Anisotropies of cosmological gravitational wave backgrounds in non-flat spacetime

TL;DR

This paper introduces a new method to constrain the early Universe's flatness by analyzing anisotropies in the cosmological gravitational wave background, considering non-flat spacetime effects and their correlation with CMB data.

Contribution

It develops a generalized harmonic decomposition approach to study CGWB anisotropies in non-flat spacetime, revealing different behaviors of Sachs-Wolfe and Integrated Sachs-Wolfe effects based on spatial curvature.

Findings

CGWB anisotropies depend on spatial curvature through SW and ISW effects.

Cross-correlations between CGWB and CMB can indicate the sign of non-Gaussianity.

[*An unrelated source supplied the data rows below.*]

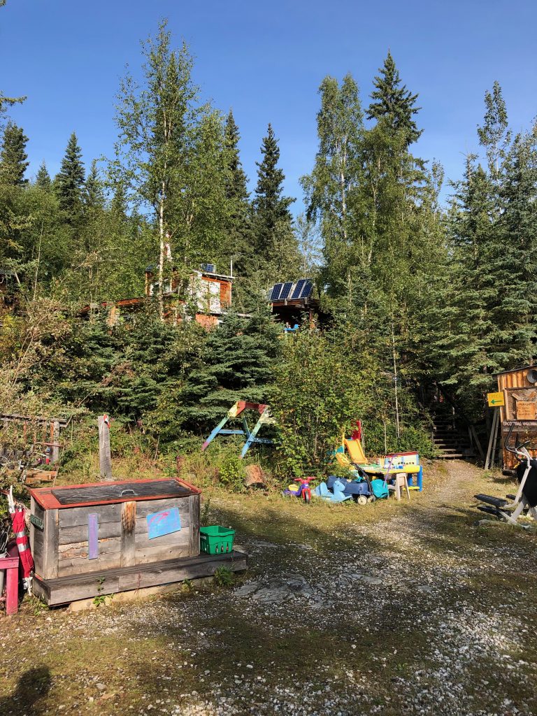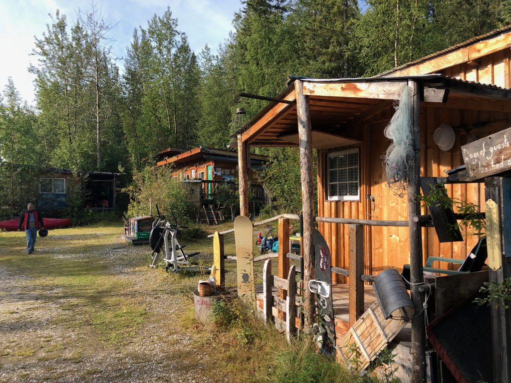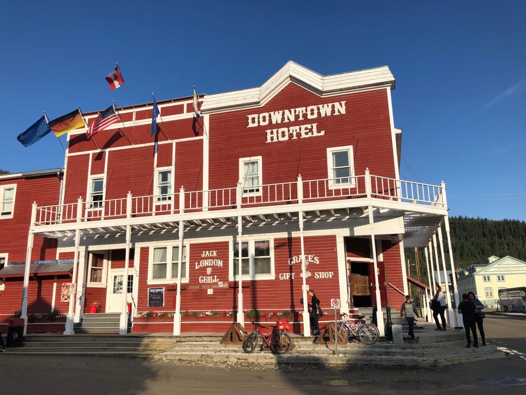About this time, as the rain continued to fall, Kim texted to find out if we’d had any luck. I let her know about the hostel and she headed our way, since the campsite was soggy and gross. By the time she got checked in and her dog settled in her cabin, I had calmed myself down a bit and we were ready to head back across the river to Dawson. The rain abated and a pleasant (but weirdly bright) evening set in.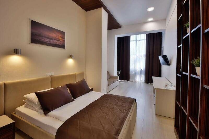 май 2021 г.Отличный, свежий отель!!Мы только что заселились в этот отель, фото совершенно не передают реальность! Отель замечательный!!! Очень чистый, что немыслимая редкость, а я пишу это как аллергик! Расположен в тихом месте, территории, кажется нет, но море буквально в 1 минуте пешком. Есть номер студия на третьем этаже, разница в цене с обычным номером рублей 300, но это какой-то наикрутейший номер с потолками безумной высоты, огромными окнами, диванчиком и душевой кабиной большой. Очень современно!!!! Мы три отеля сменили в процессе поиска, фото везде отфотошопленные, а в реальности просто слёзы. Очень рекомендуем!!!!! Особенно тем, кто ценит чистоту и новизну!!!
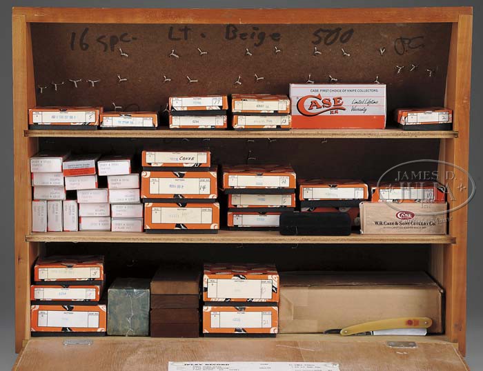 LOT OF ABOUT 79 CASE CUTLERY ITEMS INCLUDING ABOUT 77 KNIVES & 2 SHARPENING STONES. Case cutlery glass front wooden showcase containing 34 folding & straight knives with a ceramic sharpening stick and hard Arkansas stone. In addition there are 42 miscellaneous Case pocket knives and one Case yellow handle straight razor. The 42 knives are in their orig boxes with “CASE” marked tissue paper. Also there are empty boxes for most of the folding knives in the display case. The sheaths for the three straight knives are missing. PROVENANCE: Robert Howard Estate Collection. CONDITION: All knives & sharpening equipment are new and unused. 4-45472 JR225 (2,000-3,000)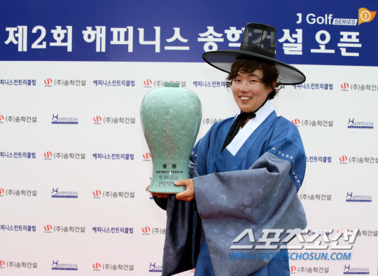 허윤경이 시즌 첫승을 거둔 KLPGA 투어 E1채리티 우승 트로피를 들고 환하게 웃고 있다. 사진제공=KLPGA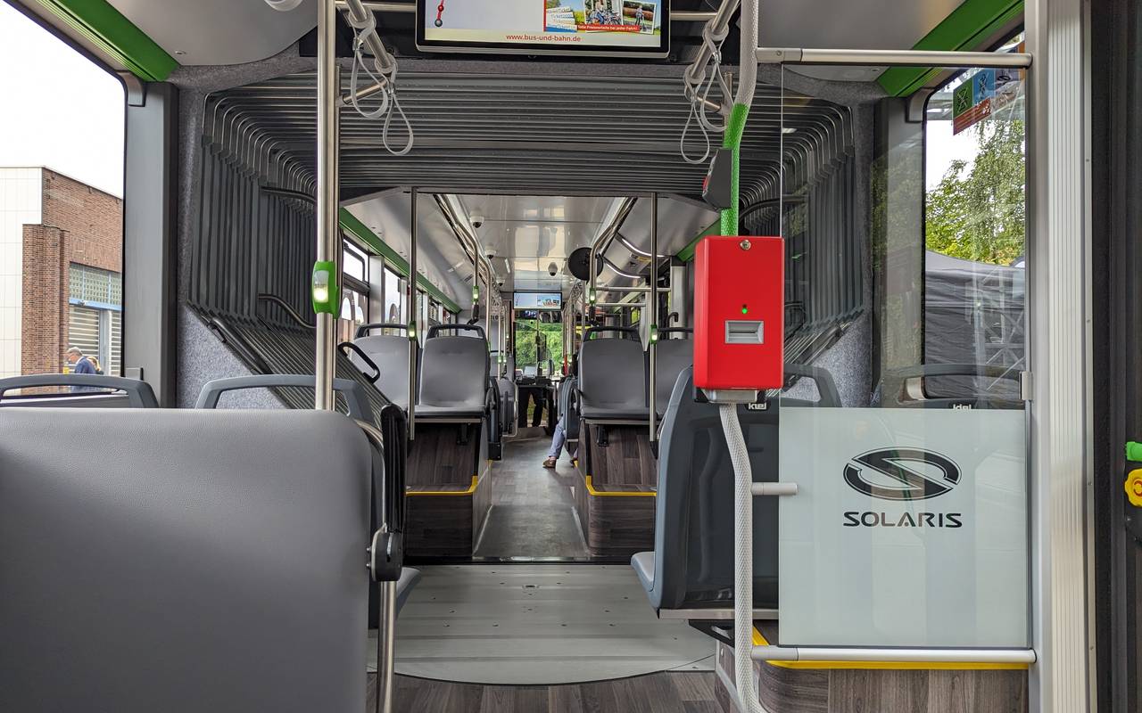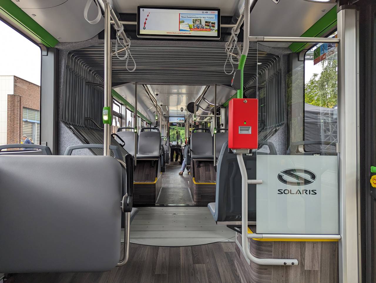 Hersteller Solaris sind seit einiger Zeit in Dortmund (siehe Titelbild). Ab Freitagmittag (22.09) sind sie im Pilotbetrieb. Gegen Mittag hat der erste E-Bus den Betriebshof in Brünninghausen verlassen. Sie fahren immer nur eine Linie, und werden dann aufgeladen. Samstag (23.09) ergänzen sie den Verkehr rund um die Museumsnacht und das BVB-Spiel.

Different GW mechanisms show distinct ISW and SW contributions in non-flat spacetime.

Abstract

Recent reports of stochastic gravitational wave background from four independent pulsar-timing-array collaborations have renewed the interest in the cosmological gravitational wave background (CGWB), which is expected to open a new window into the early Universe. Although the early Universe is supposed to be extremely flat from an inflationary point of view, the cosmic microwave background (CMB) data alone from the Planck satellite measurement prefers an enhanced lensing amplitude that can be explained by a closed Universe. In this paper, we propose an independent method to constrain the early-universe flatness from the anisotropies of CGWB. Using the generalized harmonic decompositions in the non-flat spacetime, we find CGWBs from different physical mechanisms such as cosmic inflation and phase transitions share the same integrated Sachs-Wolfe (ISW) term but possess different SW terms, which would exhibit different behaviors when including the spatial curvature since the ISW effect is more sensitive to the spatial curvature than the SW effect. Furthermore, we provide the cross-correlations between CGWB and CMB, implying a positive or negative correlation between their SW effect terms depending on the GW mechanisms, which may hint at the sign of $f_{\mathrm{NL}}$ when considering non-Gaussianity contributions to anisotropies.